That bike has a little too much travel IMO to be a good climbing bike. 130mm (5") is the most I would go if you want a bike that will climb good and that bike has 150mm. But this is also a subjective thing. My bike has 130mm in the front and rear and on steep technical climbs I have to really work to keep the front end from wandering. The bigger issues with that bike is the suspension package. There have been alot of complaints online this year about Marzzochi forks, and the Fox DHX air shocks have also been getting a bad rap. I know someone that has blown several DHX5 Air (better than the DHX4) this year alone. But at your weight Austin I doubt you would blow out the rear.But the Maazzochi fork concearns me. The bike is also $700 over your budget


----------



## GrilledSteezeSandwich (Jun 25, 2008)

andyzee said:


>



haha


----------



## gorgonzola (Jun 25, 2008)

you may want to check your setup on your fork if you have adj rebound and/or compression. can't really speak about the marz forks but i've heard about the problems with the dhx shock - i'm running the dhx3 and know others as well and haven't heard about any problems first hand, my arse is about 210# these days hitting 2' max drops. btw 5 doesn't mean "better" , same basic shock with more features - 3 is stripped, 4 has propedal, 5 has propedal and lockout


----------



## Crankfire (Jun 25, 2008)

How tall are you?   I just happen have a couple bikes for sale 

1) 2005 Large Santa Cruz Heckler:  http://www.crankfire.com/forum/viewtopic.php?f=5&t=6982
Looking to get $700ish.   If it fits you, this bike fits the riding style you are looking for.   Pedals very nice and is a great ride.
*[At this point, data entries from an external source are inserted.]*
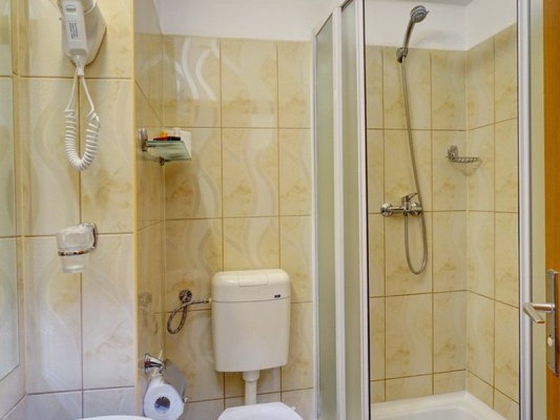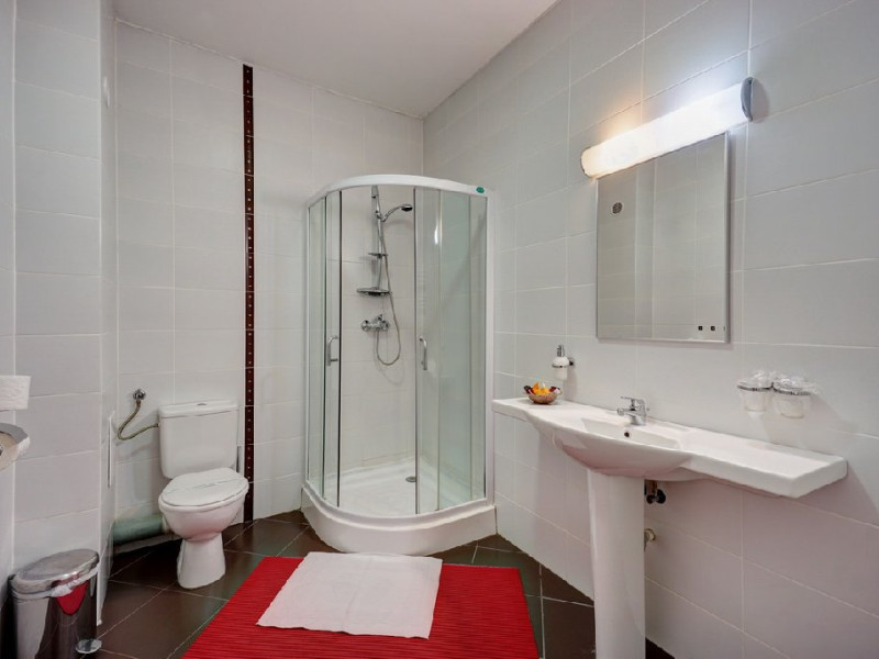 Camerele sunt dotate cu acces cu cartela, baie proprie cu dus sau cada, televizor, telefon, balcon (mai putin camerele aflate la etajul IV).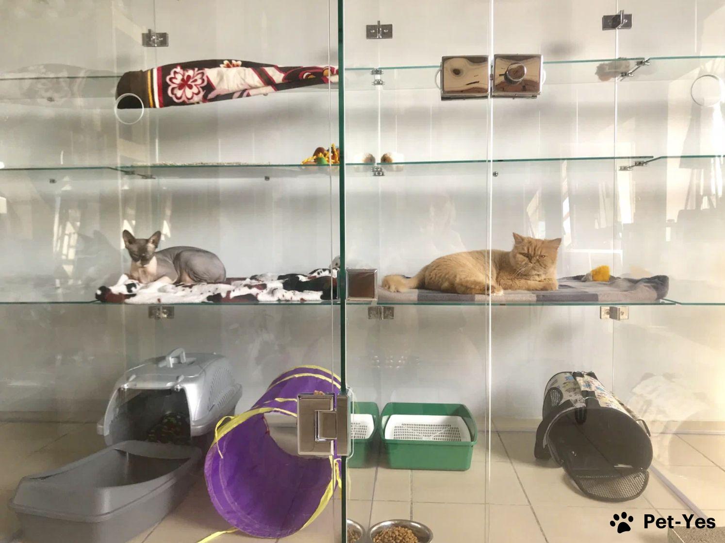 Каждый номер в нашем отеле 2 метра высотой и оборудован 2-3 полками. И Стандартный и Улучшенный номера достаточно широки, чтобы котоняня могла свободно зайти в номер, поиграть с котиком и убрать у него. Коты в среднем в 15 раз меньше человека, и для них достаточно места, чтобы выбрать любую удобную полочку или уголок просторного номера, в зависимости от того, хочет ли котик отдохнуть или настроен поиграть с соседями.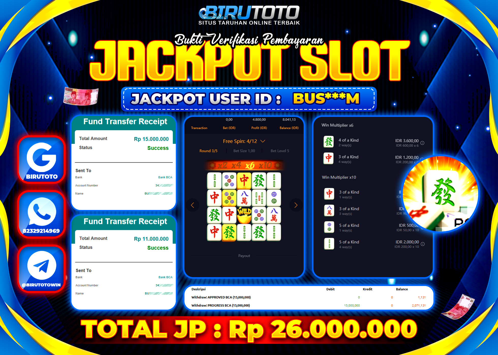 Selamat Kepada Member BIRUTOTO BUS***M Telah Jackpot Di SLOT MAHJONG WAYS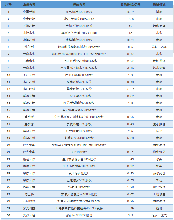 2017年中國(guó)環(huán)保上市公司共已發(fā)生30余起并購(gòu)案,涉及總金額218億元,并購(gòu)勢(shì)頭依然強(qiáng)勁。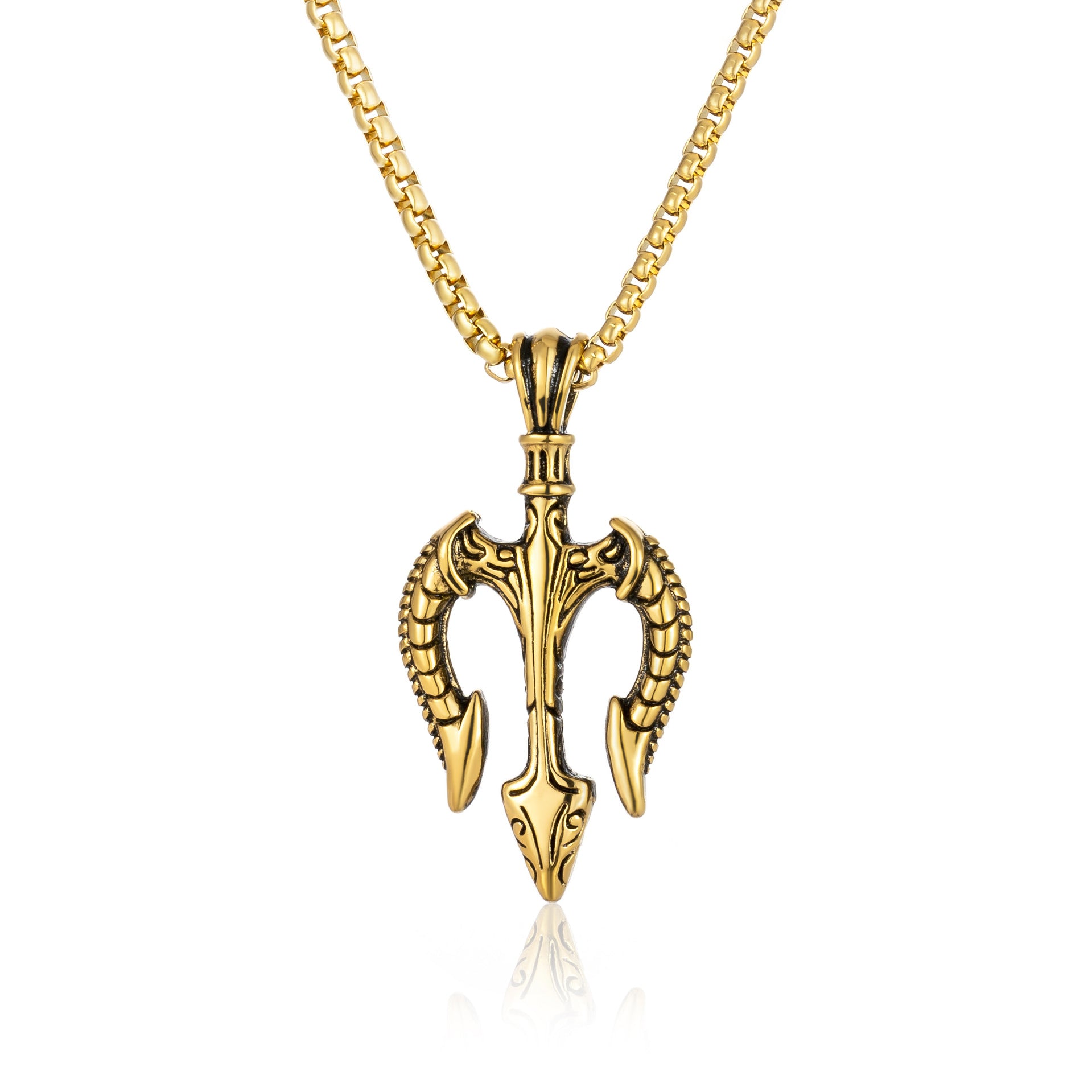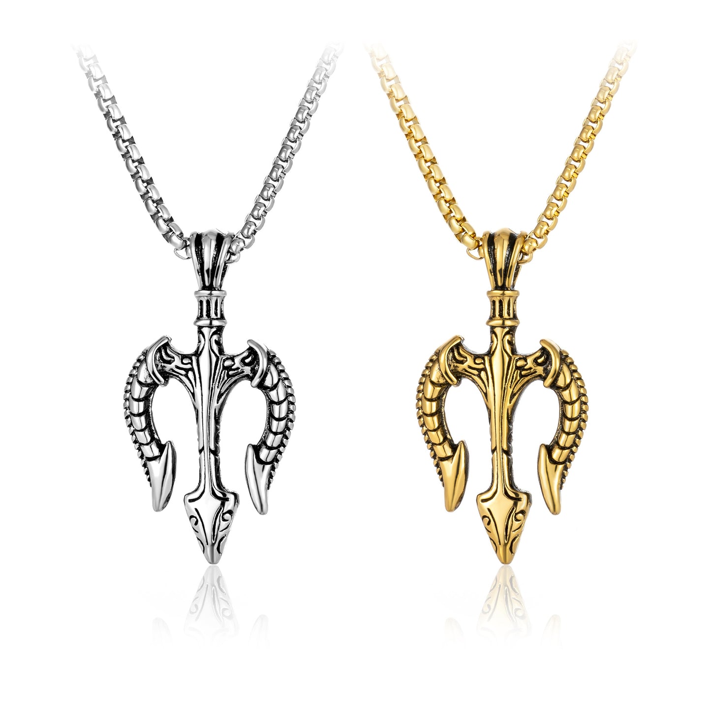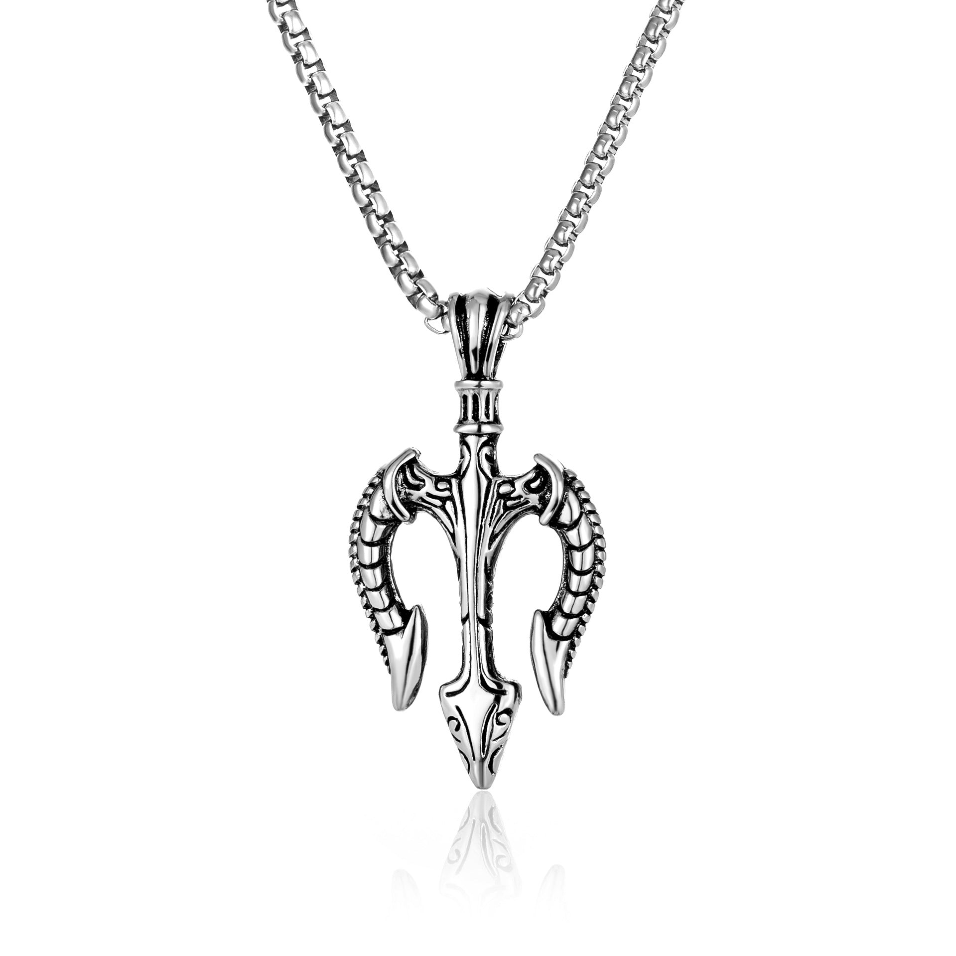 Hip-Hop Retro Trident Engraved Stainless Steel Men's Pendant Necklace

2) 2006 Medium Santa Cruz VPFree:  I don't have it posted up for sale yet,  but it is a bad ass bike.   Pedals amazing for what it is, though at the same time, it's a bit hefty and made to jump off things, not climb up things as much - but it gets you there.  I rode all last year on it, its a very fun bike.   Asking $1500, I can get pics and info up if interested.

That's it really.  Good luck!


----------



## bvibert (Jun 25, 2008)

Crankfire said:


> 1) 2005 Large Santa Cruz Heckler:  http://www.crankfire.com/forum/viewtopic.php?f=5&t=6982
> Looking to get $700ish.   If it fits you, this bike fits the riding style you are looking for.   Pedals very nice and is a great ride.



There ya go Austin, that might work out well for you.  I'm not sure exactly how tall you are, a Large may be too small for you though...


----------



## eatskisleep (Jun 25, 2008)

Last time I saw a VP Free I noticed it ran large... Medium was big IMO so maybe that is even something to look into although if you really want to get into climbing that wouldn't be the bike.


----------



## awf170 (Jun 26, 2008)

bvibert said:


> There ya go Austin, that might work out well for you.  I'm not sure exactly how tall you are, a Large may be too small for you though...



I'm 6'1" with long legs.  How much does that bike weigh?  Also what is the travel, 5 inches?


----------



## Crankfire (Jun 26, 2008)

awf170 said:


> I'm 6'1" with long legs.  How much does that bike weigh?  Also what is the travel, 5 inches?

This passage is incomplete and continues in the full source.